Airport directors and lobbyists have been planning for months to descend on Washington, D.C., on July 20 and 21 in what’s being called the Summer Fly-In to lobby Congress regarding the need for an increase in the cap on passenger facility charges.
They’ll still do so, but their meetings with lawmakers now include another goal: ensuring that any necessary extension to the current Federal Aviation Administration funding bill be at least a year in length.
The likelihood of a temporary extension increased earlier this month when U.S. House Republican leaders opted to delay introducing their version of an FAA reauthorization bill until at least September. Industry sources say that with the current bill expiring Sept. 30 and just a couple of handfuls of days in that month that Congress will be in session, it is increasingly likely an extension will be necessary.
Todd Hauptli, president and CEO of the American Association of Airport Executives, says he’s heard from the FAA that anything less than a six-month extension of the existing bill could stop grant money from flowing, hurting airports that need to do capital improvement projects.
“It will be important from an airport perspective that whatever extension comes, it be long enough in duration to ensure that the FAA will be able to issue grants and that we do not jeopardize a construction season,” he says.
Although industry officials will have the extension on their minds when they meet with Congressional leaders, they also still will be continuing their push for an increase on the PFC cap.

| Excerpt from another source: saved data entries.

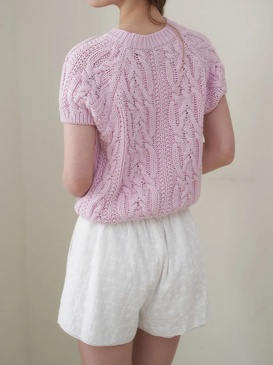 レースジャガードコットンポケットバックゴムショートパンツストラップ付・S1965326
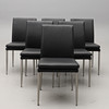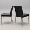 Klädd i svart skinn. Sitthöjd 49 cm. Sittdjup 44 cm. Rygghöjd 87 cm.
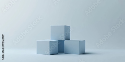 © Indah, Obraz premium Three Blue Cubes on a Light Blue Background
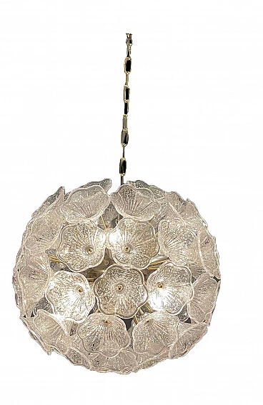 Midcentury Murano Glass Flower sputnik chandelier by Venini. Diameter 50 cm. Features 8 lights, requires E14 screw on light bulbs. Height without chain and ceiling canopy 50 cm, height including chain and ceiling canopy 100 cm. Chrome frame, weight approximately 20 kg. New wiring installed compatible with Europe UK. Shipping In a wooden crate for safe arrival.
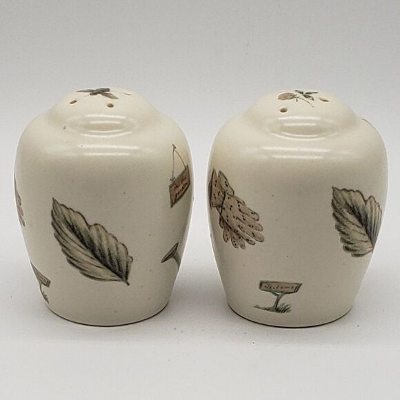 -Lovely botanical salt & pepper shakers in a soft, natural color palette with potted herbs, birdhouse, watering can and other gardening accessories and leaves adorn a flecked light cream background; made of stoneware material
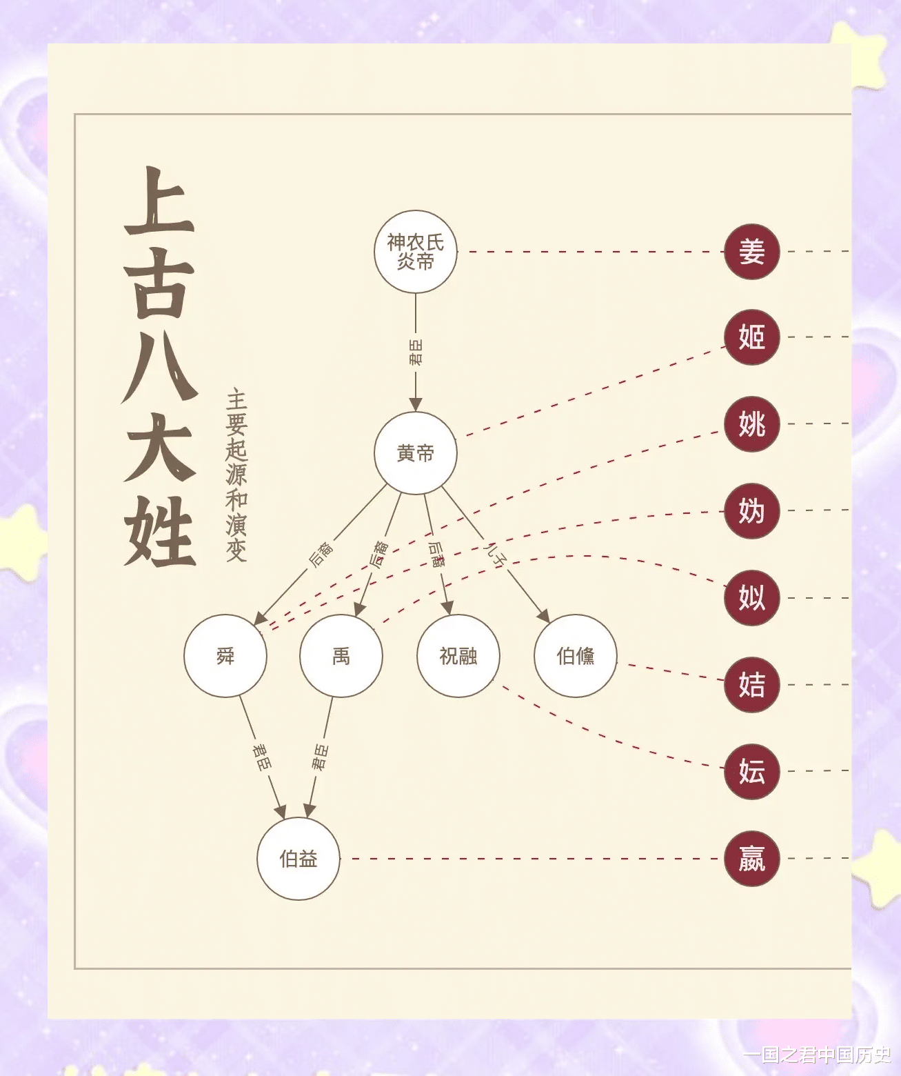 上古八大姓姬、姜、姒、嬴、妘、妫、姚、姞,无一例外都有个女字旁或者女字在其中,这是母系氏族社会的影响。

“The Summer Fly-In presents airport directors with a great opportunity to share their industry priorities – namely, modernizing the locally set passenger facility charge and maintaining the Airport Improvement Program – directly with elected officials,” says Kevin Burke, president and CEO of ACI-NA. “With FAA reauthorization on the horizon, this fly-in may be the most important for airports to make their case with their elected officials. It’s critical to ensure that any transformational plan provides a reliable, sustainable, user-fee-based system for airport funding.”
ACI-NA and AAAE have been working together to establish a coalition of organizations besides airports that support increasing the PFC cap, which has not changed since 2000.
The current bill was passed in 2012 after 23 temporary extensions of the previous bill, which was originally scheduled to expire in 2009. Debate during that reauthorization effort also included a two-week partial shutdown of the FAA in 2011.
There has been a consensus among many stakeholders that the next FAA bill should include “transformational” change in a number of areas, including the way airport infrastructure projects are funded. Airport industry officials, including leaders at ACI-NA and AAAE, have been calling for an increase in the passenger facility charge from $4.50 to $8.50. Airline industry lobbyists strenuously oppose any increase to the PFC.
Among other proposals expected to be in the House bill was one privatizing the nation’s air traffic control system. Supporters hope that move would speed up implementation of NextGen, which would transition the monitoring of airplane movement from World War II-era radar system to a GPS system expected to improve the efficiency of air travel.
Hauptli says he senses a more collective desire on the part of congressional leaders to create but adds that wanting to do so does not make it easier.
“We weren’t terribly surprised,” he says. “It’s very difficult to pull together transformational legislation and very challenging to get all parties involved to sign off and be comfortable.”